Print the listing below again, exactly. Skip the pictures.

Dataset extract>
+--
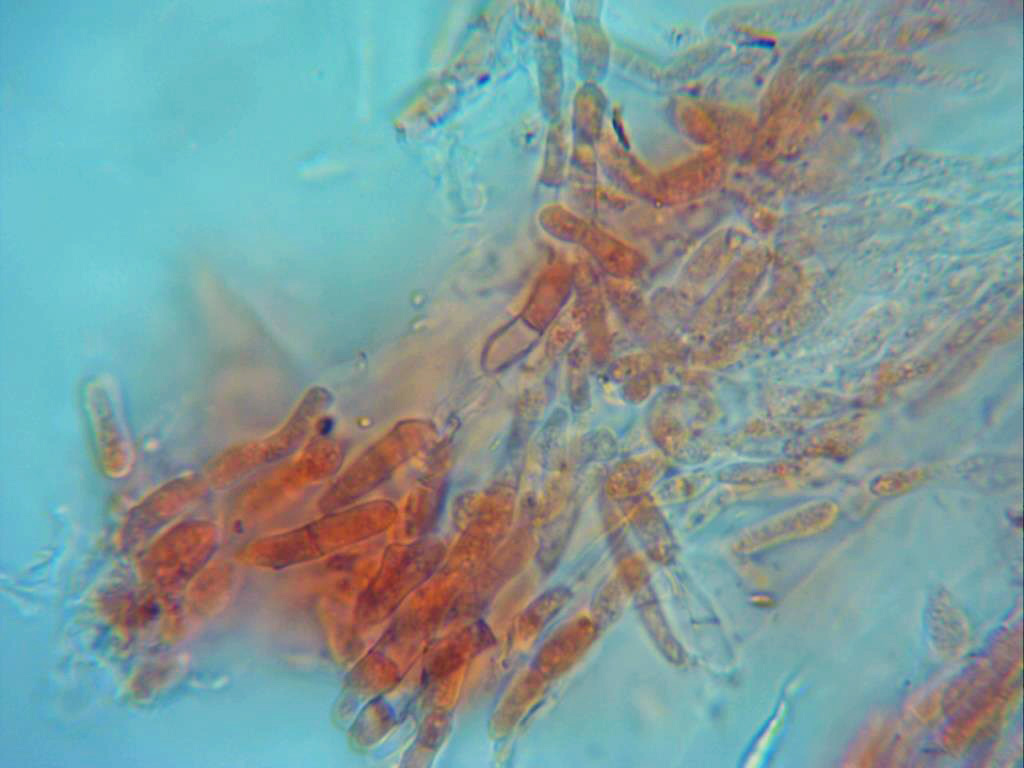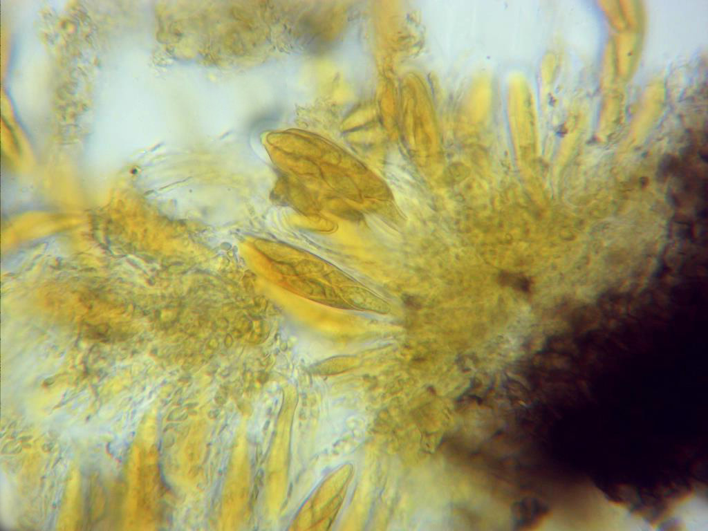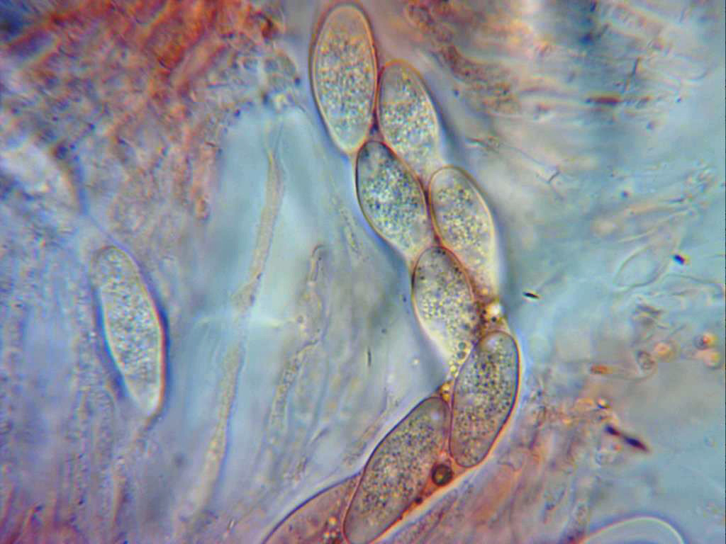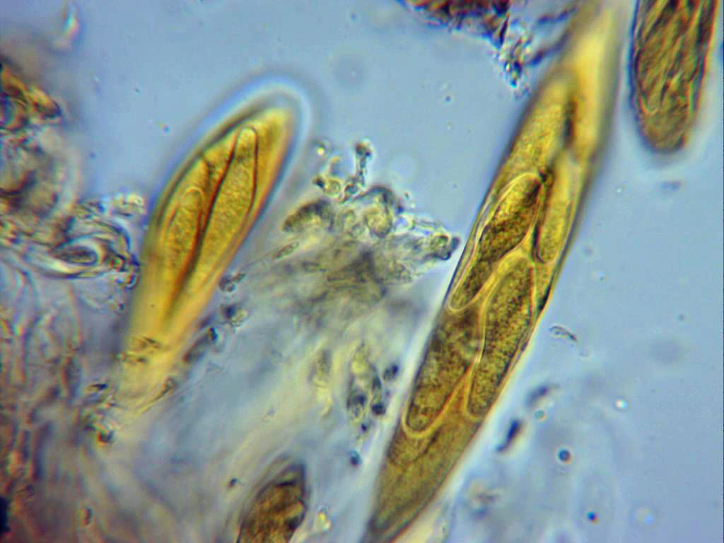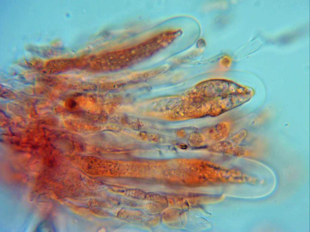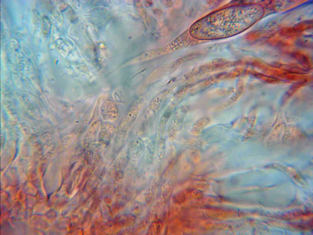 Ascosporas en Rojo Congo diluido. Ascosporas elipsoides, hialinas, de pared fina, estrechándose en los extremos (ligeramente cónicas). En mis mediciones de 25,9;30,8 X 10,2;11,5 µm.
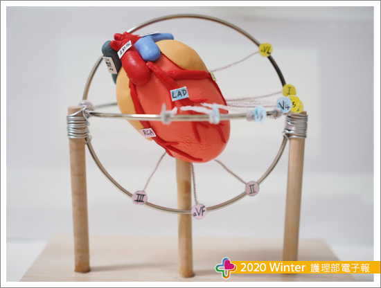 有鑑於原案─運用民 國 102 年護理創新案─「快速圖解-心電圖導程探知冠狀動脈分布」中所提出的「冠狀動脈與十二導程關聯心電圖」(吳,2013)教育臨床護理人員及人員反饋,與臨床抽樣實測人員回答十二導程心電圖對應冠狀動脈血管正確率20%(5/25),顯示無法立即反應對應相關心肌梗塞位置,另針對心臟內科加護病房護理人員遇到急性心肌梗塞病人的機率遠比其他單位人員高,因此,藉由實體黏土模型及圖像創作構思,呈現心臟3D空間中不同角度的電氣活動並對應相關之冠狀狀動脈,藉以使用了解冠狀動脈及心臟各區塊的狀況,以達教育人員可不須等待心肌酵素報告,即完成判讀對應阻塞冠狀動脈可立即報告醫師確立診斷,可縮短至導管室完成心臟重新再灌流的黃金時間,並於完成此模型後,重新教育人員後,再抽測人員答對率為100%(25/25)。
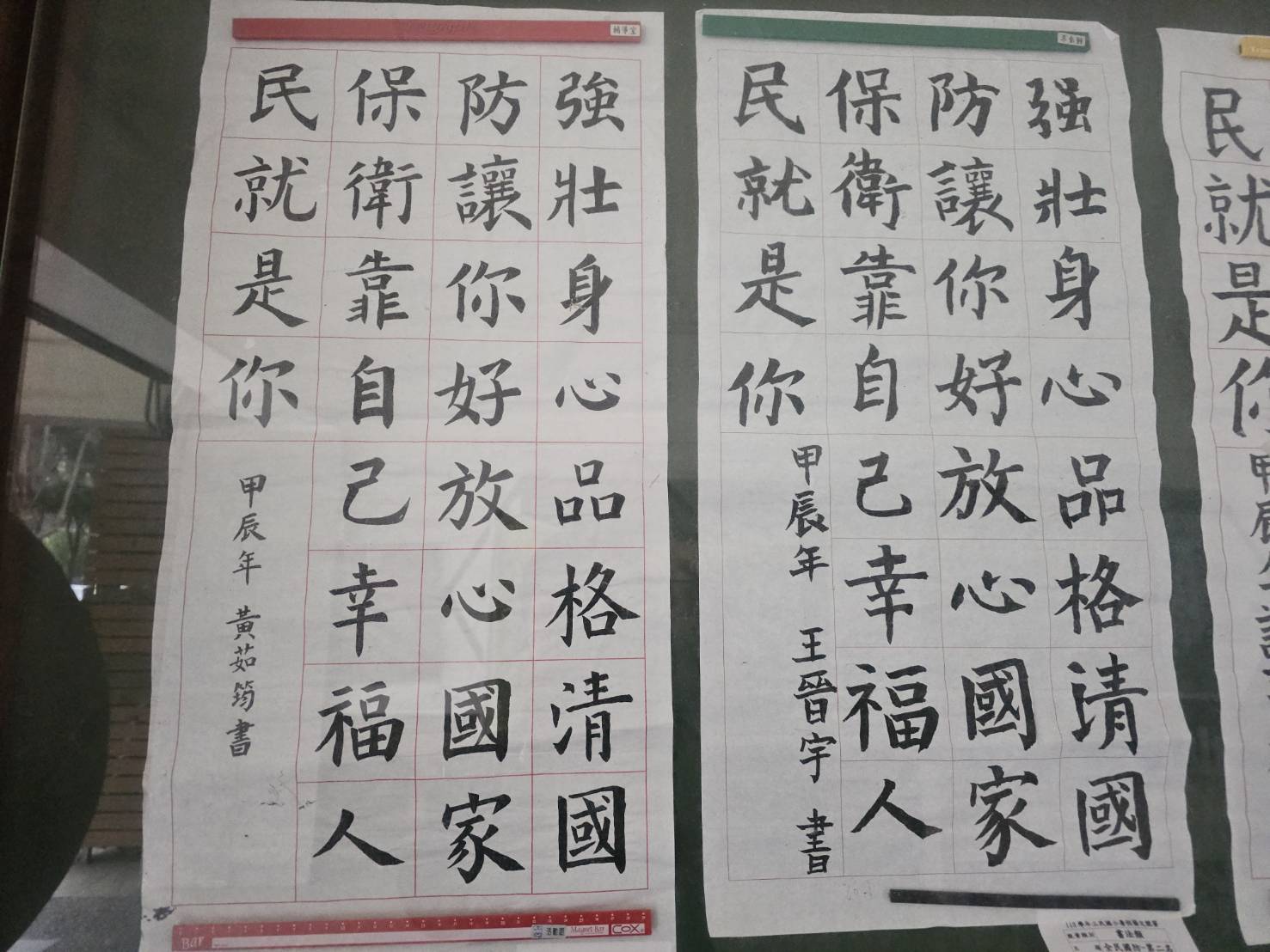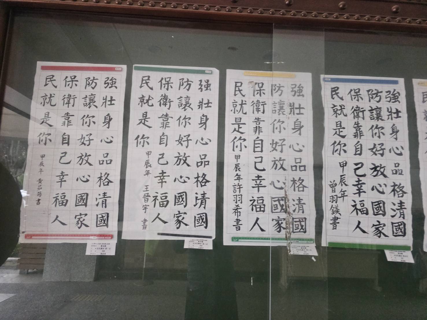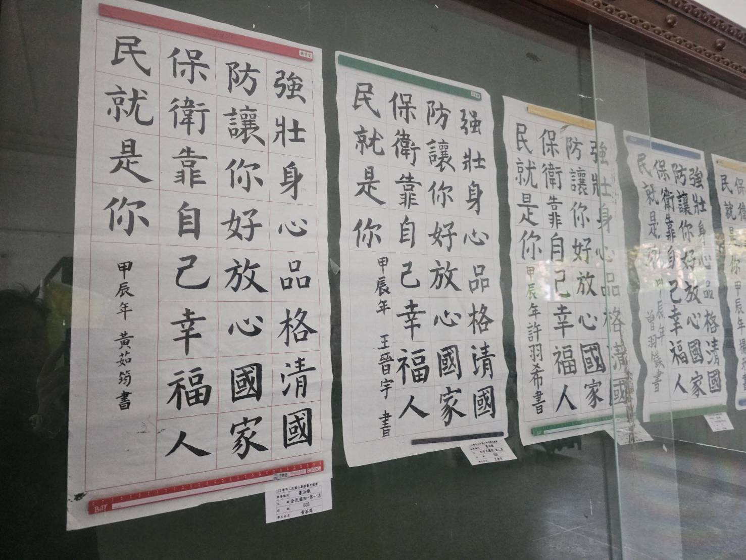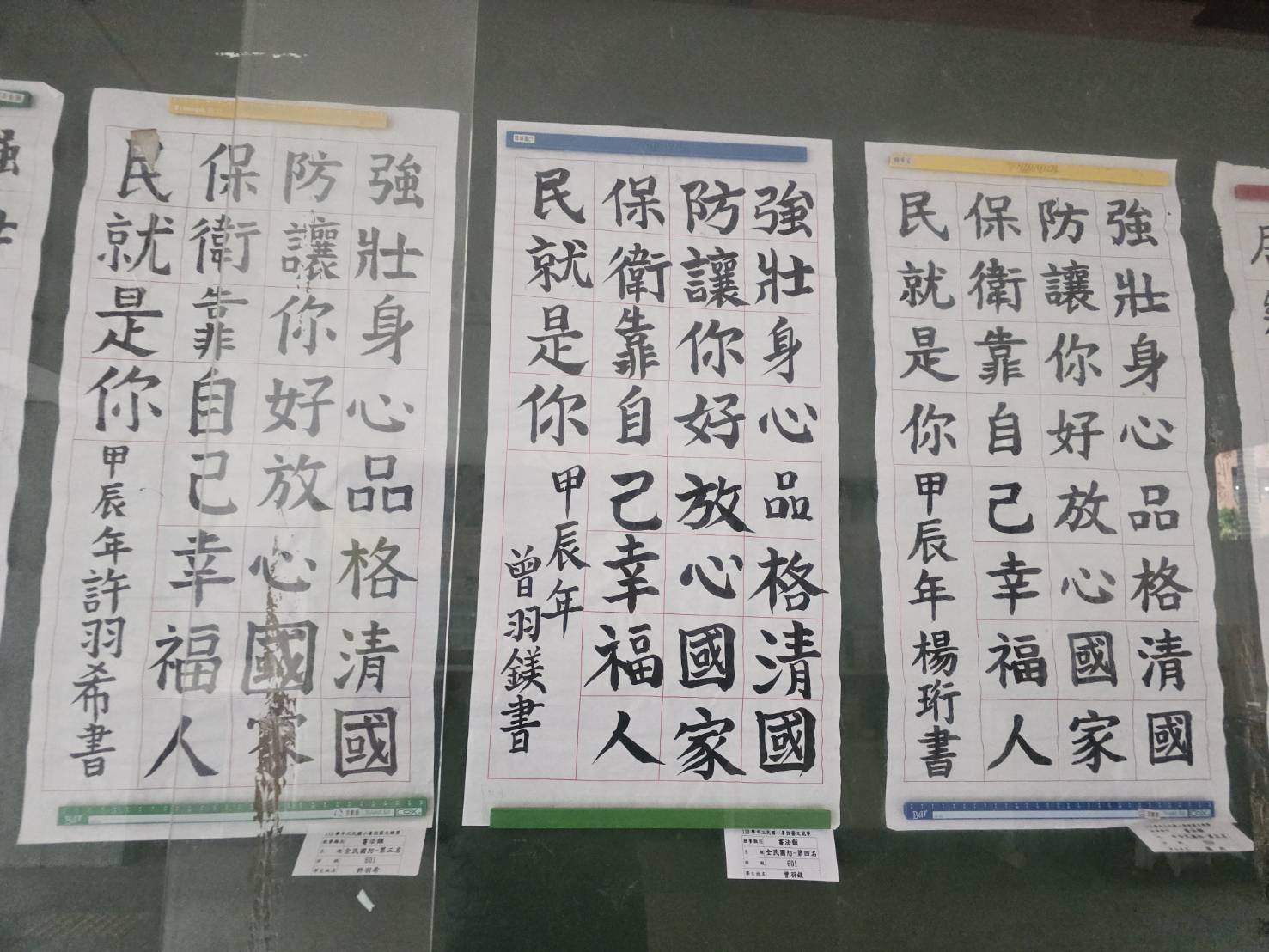 「全民國防教育,人人都有責任」,為了讓學生能有全民國防的概念,因此在今年暑假前將全民國防書法指定為五升六年級必要的作業項目,開學後,經過評審老師的慧眼,挑出了全六年級前六名及佳作六名的學生作品,並於本校川堂進行展示。
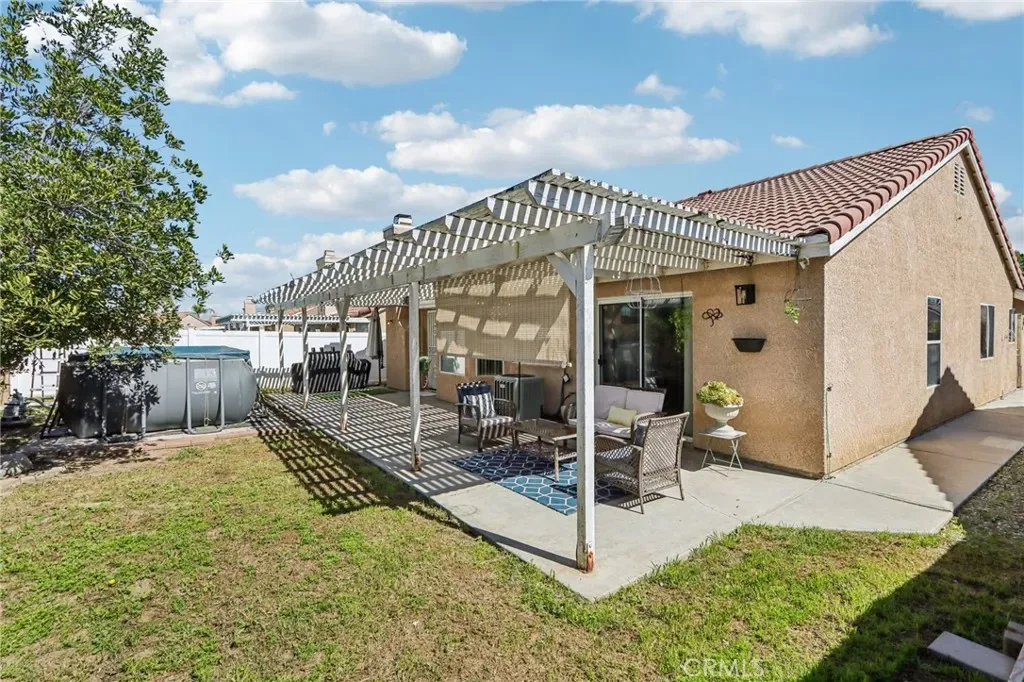 Welcome to this spacious and well-designed home featuring vaulted ceilings, an open floorplan, and the added benefit of a solar lease for low utility bills—all with no HOA, low taxes and low utilities. A charming front paver patio creates a warm and inviting entry. Inside, formal living and dining areas greet you just off the foyer, offering the perfect setting for gatherings. The layout flows seamlessly into the open family room, kitchen, and breakfast nook, creating an ideal space for everyday living. The family room is highlighted by a tile-framed fireplace, adding comfort and character. The kitchen offers ample cabinetry, a center island with bar seating, and excellent functionality for entertaining or meal prep. Down the hallway, you’ll find three bedrooms, two bathrooms, and a spacious laundry room with direct access to the attached 2-car garage. Retreat to the oversized primary suite, featuring a sliding glass door with patio access and an en-suite bathroom complete with a soaking tub, dual-sink vanity, and separate shower. Go outside through the french door in the family room to a generously sized covered patio surrounded by mature trees, offering shade and privacy. An above-ground pool is included and can be removed at the buyer’s request. Ideally located near Mary Henley Park, shopping centers, dining options, and local schools, this home combines comfort, efficiency, and convenience in a desirable setting.
+--
Task solution>
 Ascosporas en Rojo Congo diluido. Ascosporas elipsoides, hialinas, de pared fina, estrechándose en los extremos (ligeramente cónicas). En mis mediciones de 25,9;30,8 X 10,2;11,5 µm.
 有鑑於原案─運用民 國 102 年護理創新案─「快速圖解-心電圖導程探知冠狀動脈分布」中所提出的「冠狀動脈與十二導程關聯心電圖」(吳,2013)教育臨床護理人員及人員反饋,與臨床抽樣實測人員回答十二導程心電圖對應冠狀動脈血管正確率20%(5/25),顯示無法立即反應對應相關心肌梗塞位置,另針對心臟內科加護病房護理人員遇到急性心肌梗塞病人的機率遠比其他單位人員高,因此,藉由實體黏土模型及圖像創作構思,呈現心臟3D空間中不同角度的電氣活動並對應相關之冠狀狀動脈,藉以使用了解冠狀動脈及心臟各區塊的狀況,以達教育人員可不須等待心肌酵素報告,即完成判讀對應阻塞冠狀動脈可立即報告醫師確立診斷,可縮短至導管室完成心臟重新再灌流的黃金時間,並於完成此模型後,重新教育人員後,再抽測人員答對率為100%(25/25)。
 「全民國防教育,人人都有責任」,為了讓學生能有全民國防的概念,因此在今年暑假前將全民國防書法指定為五升六年級必要的作業項目,開學後,經過評審老師的慧眼,挑出了全六年級前六名及佳作六名的學生作品,並於本校川堂進行展示。
 Welcome to this spacious and well-designed home featuring vaulted ceilings, an open floorplan, and the added benefit of a solar lease for low utility bills—all with no HOA, low taxes and low utilities. A charming front paver patio creates a warm and inviting entry. Inside, formal living and dining areas greet you just off the foyer, offering the perfect setting for gatherings. The layout flows seamlessly into the open family room, kitchen, and breakfast nook, creating an ideal space for everyday living. The family room is highlighted by a tile-framed fireplace, adding comfort and character. The kitchen offers ample cabinetry, a center island with bar seating, and excellent functionality for entertaining or meal prep. Down the hallway, you’ll find three bedrooms, two bathrooms, and a spacious laundry room with direct access to the attached 2-car garage. Retreat to the oversized primary suite, featuring a sliding glass door with patio access and an en-suite bathroom complete with a soaking tub, dual-sink vanity, and separate shower. Go outside through the french door in the family room to a generously sized covered patio surrounded by mature trees, offering shade and privacy. An above-ground pool is included and can be removed at the buyer’s request. Ideally located near Mary Henley Park, shopping centers, dining options, and local schools, this home combines comfort, efficiency, and convenience in a desirable setting.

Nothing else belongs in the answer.